At this time of year, the green alkanet - with its intense blue flowers, each dotted white at the centre, showing against fresh green foliage - is one of our most beautiful plants. (I say 'our', but it's an introduction, probably of long standing, probably grown for the red dye that can be extracted from its roots - its name is a derivative of the Arabic word for henna.) The alkanet has all too short a prime, so enjoy it while it lasts. Once the leaves start growing and the flowers fading, it becomes less attractive and gradually degenerates into a leathery, grey-leaved, gristle-rooted invader that crops up everywhere you don't want it, and stings like a nettle if you try to pull it out with bare hands.
The short-lived beauty of the alkanet is easily overlooked in the midst of the great spring flowering - the flowering I enjoyed yesterday when the sudden arrival of sunny warm weather had me heading for the Surrey hills. Cowslips and violets everywhere, bluebells and windflowers in the old coppices, lovely pink-white cuckoo flowers showing above the grasses, blackthorn and wild cherry in full bloom...

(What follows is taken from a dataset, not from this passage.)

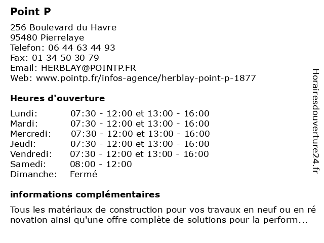 1 Point P (Distance: 5,36 km) 11 Rue de Paris, 5310 Saint-Ouen-l'Aumône aménagement, construction, equipement, matériaux, point 2 Point P (Distance: 6,20 km) 74 Route de Cormeilles, 78500 Sartrouville aménagement, construction, matériaux, point, point.p, quinçaillerie, équipement 3 Point P (Distance: 7,99 km) 35 Rue de Gode, 95100 Argenteuil aménagement, construction, equipement, matériaux, point 4 Point P (Distance: 10,04 km) 17 Rue du Président Salvador Allende, 95870 Bezons aménagement, construction, equipement, matériaux, point, point.p 5 Point P (Distance: 12,83 km) 701 Rue de la Reine Blanche, 78955 Carrières-sous-Poissy aménagement, construction, matériaux, point, point.p, quinçaillerie, équipement 6 Point P (Distance: 13,68 km) 6 Rue de la Grosse Pierre, 78540 Vernouillet aménagement, construction, matériaux, point, point.p, quinçaillerie, équipement |
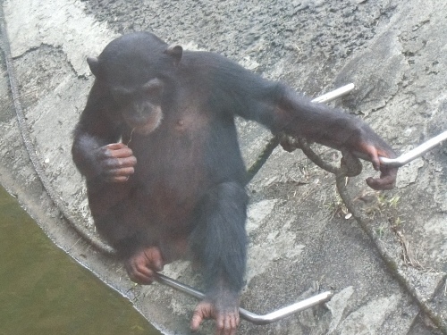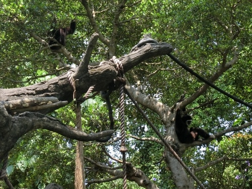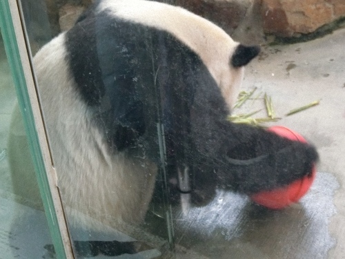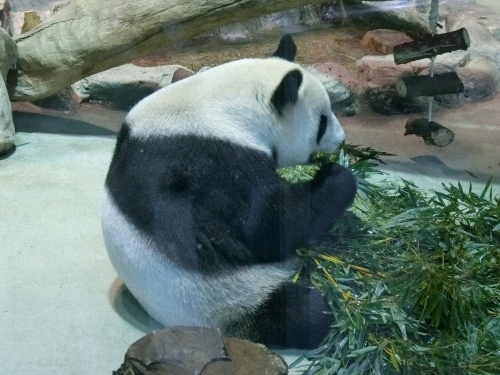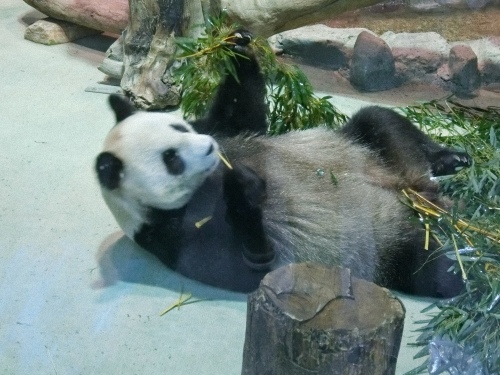 高雄壽山動物園裡最有名的應該是那頭 白老虎,木柵動物園裡最有名的仍然是那二隻熊貓,上次來這裡時是人山人海,這次星期一人少了很多,所以我們看的很清楚,可以看到熊貓圓圓在那邊啃竹子,而且還會倒在地上啃,很吸晴,我一度還以為是不是工讀生扮的,請看最上面那張圖就是了。

And what of the butterflies, I hear you ask? Orange tips, brimstones, a few tortoiseshells and peacocks (still no red admiral), speckled woods, holly blues... I was hoping for a green hairstreak (especially after my hairstreak duck last year), but no such luck (perhaps that long cold spell has held them back). However, my old friend the dingy skipper was flying - I saw three or four - and, a delightful surprise, a grizzled skipper, that little beauty that deserves a better name. As does its dingy cousin. In my book, there are no dingy butterflies.